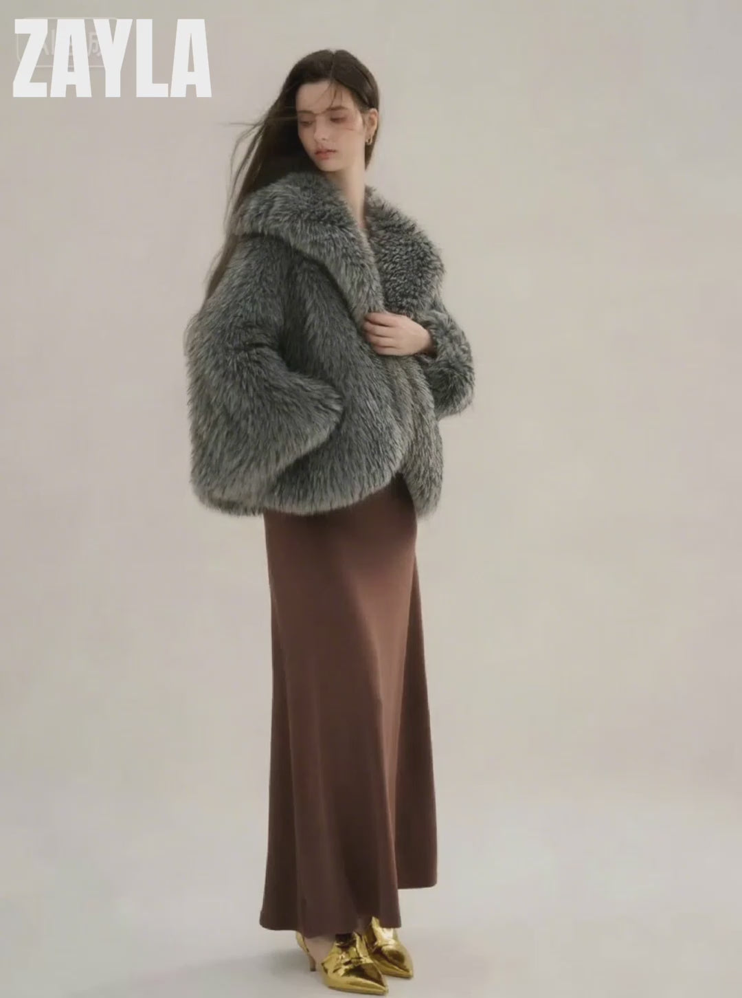 Zayla Women’s Brown Faux Fur Jacket – Oversized Warm Winter Coat, Soft Plush Short Fur Outerwear
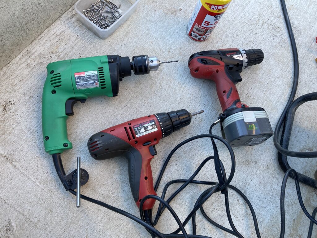 MAKITAのドリルを持ち出してきて、ドリル刃を取り付けて下穴を開けると、3秒も掛からずにズボッと穴が開きます。世界のMAKITA最高!これなら下穴開け作戦が続行できます。
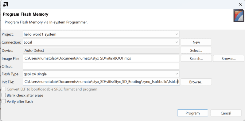 Step 2: After BOOT.mcs file is generated, make sure to configure channel B of the onboard FT2232H USB – Serial device as virtual communication port using FT_Prog. The process is very similar to that of Saturn and details are available here. Then, change the Styx boot mode to QSPI Flash Boot Mode by following instructions in the Styx User Manual. Connect the micro USB cable and Xilinx Platform Cable USB II to Styx and then power up the board. Program the flash memory by selecting BOOT.mcs image file in the Vitis-> Program Flash.
════
_WHAT IS REQUIRED_. Give the data above again, exactly and completely. No pictures go in.

_RESPONSE BELOW_.
 Zayla Women’s Brown Faux Fur Jacket – Oversized Warm Winter Coat, Soft Plush Short Fur Outerwear
 MAKITAのドリルを持ち出してきて、ドリル刃を取り付けて下穴を開けると、3秒も掛からずにズボッと穴が開きます。世界のMAKITA最高!これなら下穴開け作戦が続行できます。
 Step 2: After BOOT.mcs file is generated, make sure to configure channel B of the onboard FT2232H USB – Serial device as virtual communication port using FT_Prog. The process is very similar to that of Saturn and details are available here. Then, change the Styx boot mode to QSPI Flash Boot Mode by following instructions in the Styx User Manual. Connect the micro USB cable and Xilinx Platform Cable USB II to Styx and then power up the board. Program the flash memory by selecting BOOT.mcs image file in the Vitis-> Program Flash.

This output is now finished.